Meet the GARS PARIS GROS on AI game agents

Some newcomers are pushing to make agents who can really place bets instead of simply providing advice, but the field is difficult. Tom Fleetham previously worked as a business development manager for a blockchain platform called Zilliqa who experienced an AI game agent called Ava, focused on the selection of winners in the horse race. “She had a good analysis of good results,” he says. “Where it became hard, he was trying to place bets.”
The company could not bring AVA to reliably place bets using cryptographic portfolios in a timely manner, says Fleethem. “It has gained an eternity,” says Fleetham. “We have abandoned.”
YouTube is flooded with tutorials on how to create and manage game agents that can place bets on behalf of humans. But again, these services do not seem to register new millionaires, even a thousand. Siraj Raval, a youtuber who publishes videos on how to earn money using AI, has promoted a parallel project called Waregpt on his channel. He claims that the tool is capable of placing betting, and it invoices people $ 199 a month for access. “Eight months ago, I implemented a functionality to leave the Watergpt bets place. Now, he does for full -time users,” said Raval. According to Raval, Waregpt scans more than 40 sports pounds and “locates all kinds of variables that humans cannot”. Ravel invited Wired to join a group of telegrams he said was full of people using Waregpt, but the channel was largely inactive, and most recent messages were questions about what’s going on with the service. “It’s completely dead,” says Pete Sanchez, one of the participants. “Gastre of money.”

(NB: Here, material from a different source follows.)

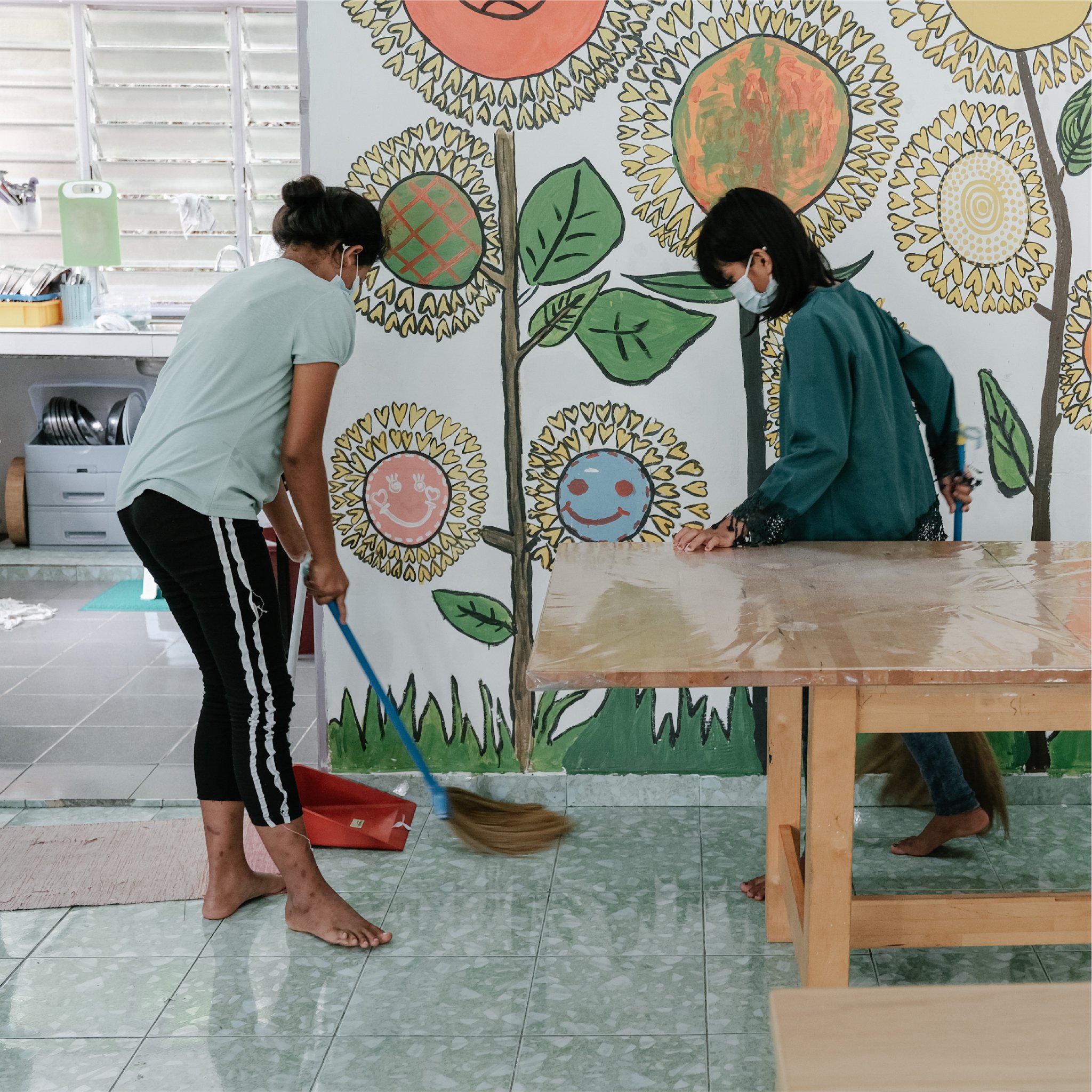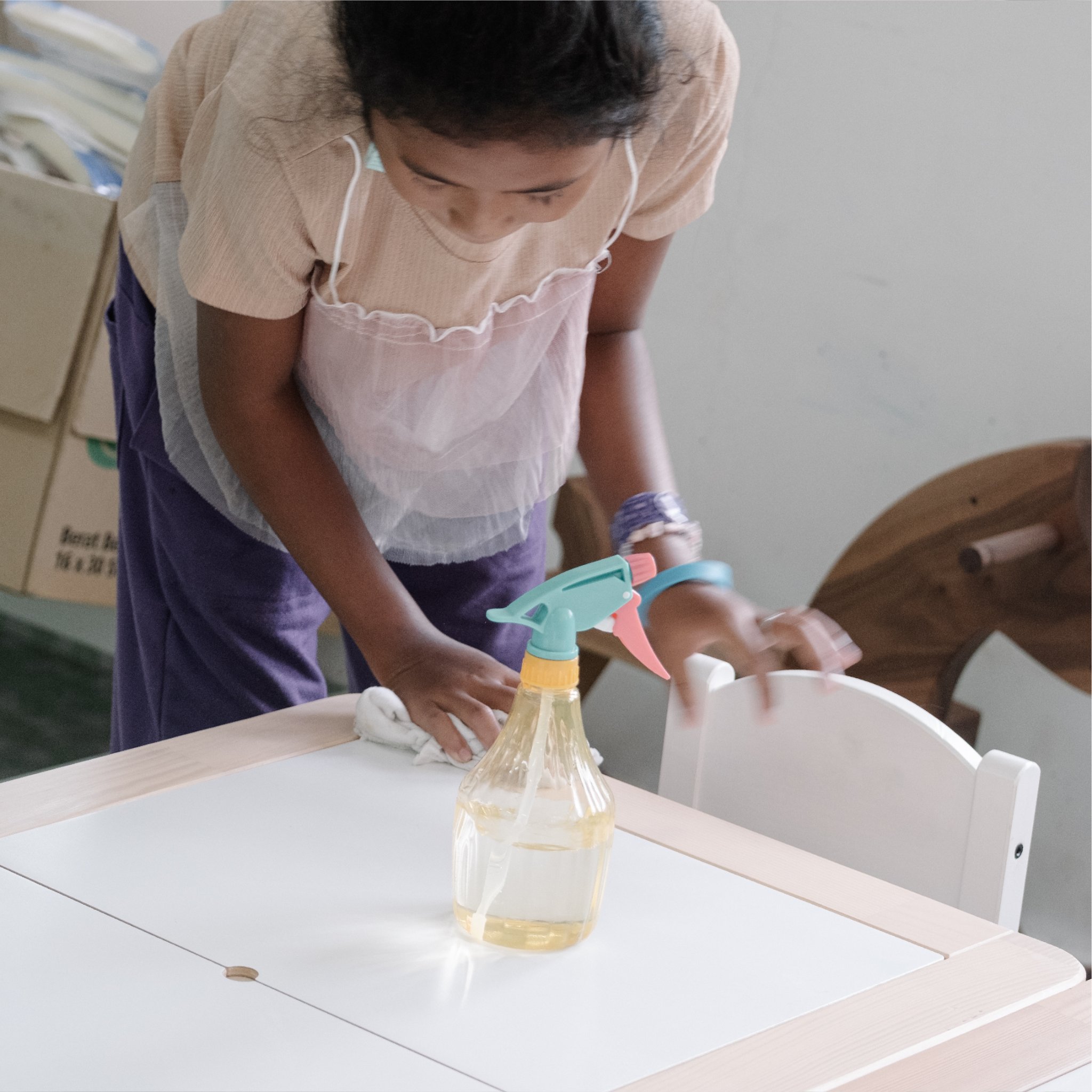 We always encourage our children to help out around the center with daily chores and educate them that helping out with the chores is a way to express their gratitude to someone who always doing chores at home. It is also a way of letting them know that center is their second home and that we are completing these tasks as a family. Getting a chore done and doing it well can give children a major sense of accomplishment and can emphasize the value of keeping things clean and organized in their daily lives.

As AI agents cannot control traditional bank accounts, most fully automated betting products focus on sports game websites and prediction markets that take cryptocurrency, as many agents can and use cryptographic portfolios. Coinbase agent is one of the largest public projects to allow AI agents to make all kinds of transactions on behalf of humans. He imagines a world in which agents can execute a certain number of financial transactions, the purchase of plane tickets to exchange the crypto and, yes, to place bets on sport. Lincoln Murr, AI product manager at Coinbase, says that many cases of use of the first at the agentkit “were of a speculative nature” and noted that he had seen nothing successful. “How really these agents are really profitable, I don’t know,” he says. The one to which he paid the most attention is called Sire. The project is described as “an agency designer fund for sports” and operates as a DAO. (In terms of crypto, DAO means a decentralized autonomous organization – a community belonging to members who use contracts based on blockchain). “These types of things are the direction we are directing,” explains Murr.

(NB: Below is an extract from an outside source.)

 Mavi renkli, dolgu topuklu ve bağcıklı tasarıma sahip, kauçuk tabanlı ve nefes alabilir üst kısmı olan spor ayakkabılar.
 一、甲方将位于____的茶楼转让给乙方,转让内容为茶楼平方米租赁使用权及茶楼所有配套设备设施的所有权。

Sire (which was called Draftking before, but had to rename for legal reasons) is relaunching. Max Sebti, the CEO of his parent company, score, says that the company uses a combination of public and private data as well as “computer vision tech that looks at the games” for the most recent information possible to determine winning bets. The score business model is a complicated mixture of crypto and play. Finally, the company plans to allow anyone to transfer the USD to a portfolio, which will then be converted into a stablecoin. After that, the plan is that the agents of Sire AI pooled money with the payments of other customers and will place bets on decentralized sports books and the prediction markets that accept crypto, including polymarket. Then, said Sebti, the gentlemen will redistribute the gains to the community. Sept describes the initiative as “a very regular product and hedges”. Anyone can add money to a wallet, but to withdraw the gains, there are “performance costs” that must be paid to Sire – one that can be reduced if the customer buys the company’s crypto token. The service comes out of the beta version this month.